This Italian style aperitif is brightly lemony and packs an alcoholic punch! It's lovely served chilled and straight, or over ice with soda water. Limoncello is an excellent gift and a worthy thing to make when you have an abundance of lemons.
Use a vegetable peeler or paring knife to cut away strips of the lemon zest, being careful to only take the outermost yellow part of the rind. Using the white pith will make your limoncello too bitter.
7 lemons
Combine the lemon rinds with the sugar in a large bowl, and gently crush them together with a wooden spoon or the end of a rolling pin, until all the rinds have been bruised and mixed with the sugar. Cover and let stand for 1 hour. At this point, the sugar should have extracted the oil from the rinds; they will look oily and glistening, and the sugar will have a texture like wet sand.
1 cup granulated sugar
Set your oven to Steam setting, 135°F/57°C (100% humidity).

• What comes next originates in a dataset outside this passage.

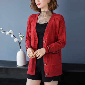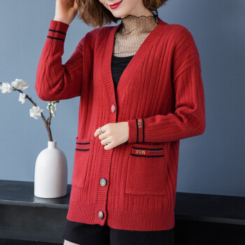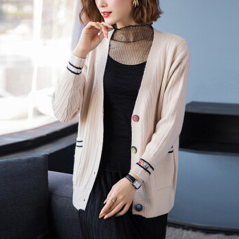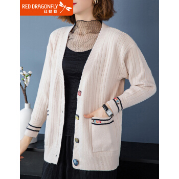 红蜻蜓 春秋装针织开衫洋气新款女装韩版宽松短款上衣潮毛衣外套长袖时尚 WL690-3 米白 均码 |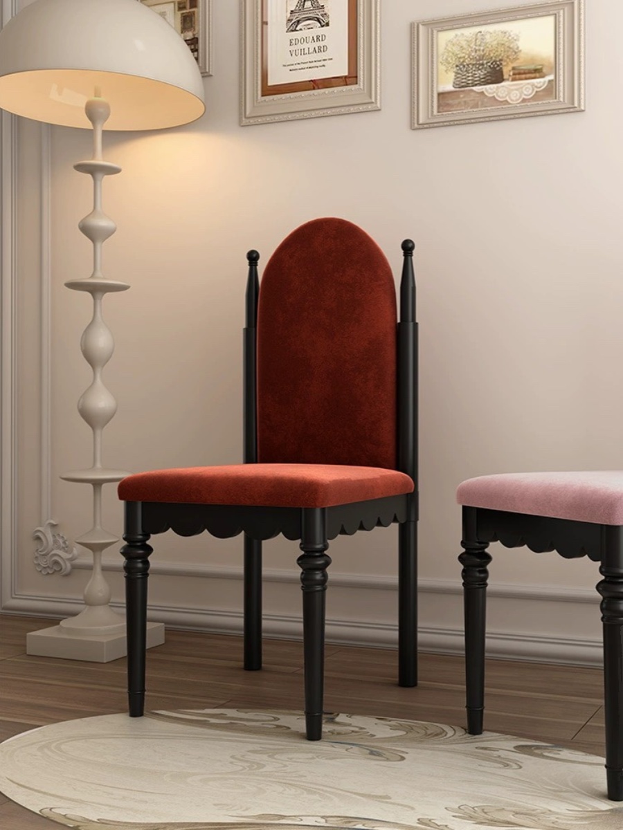 Mittelalterlicher Esszimmerstuhl, leichter Luxus-High-End-Designerstuhl aus Massivholz, französischer Retro-Café-Stuhl

Combine the vodka with the extracted lemon rinds and sugar in a large vacuum-sealer bag or a quart sized (1 litre) mason jar. Seal the bag or screw the lid onto the jar (fingertip tightness, not too tight!), and put into your preheated oven. Cook for 2 hours.
2 cups vodka
At the end of cooking, strain out the lemon peel and stir the water into the mixture, then decant into bottles.
1 cup water
Store limoncello in the refrigerator, where it will keep for at least 3 months.
Notes
Make sure you use unwaxed lemons for limoncello. If you use waxed supermarket lemons, the sugar and alcohol steeping will draw out the wax and make the finished product taste strange and have a cloudy appearance.
It's mentioned in the recipe but I'm doubling down here in the notes: don't put the white pith of the lemon peels into your limoncello. You just want the aromatic, oily yellow skin from the very outside of the lemons, or your liqueur will be very bitter.
Don't skip the muddling together of the sugar and lemon rinds. Bruising and mixing everything greatly speeds up the extraction of the lemon oils from the rind, which helps make this recipe much faster than a conventional home made limoncello.
You don't need the flesh/juice of the lemons for this recipe, but don't throw them away! I highly recommend steamed lemon curd to use up all that juice.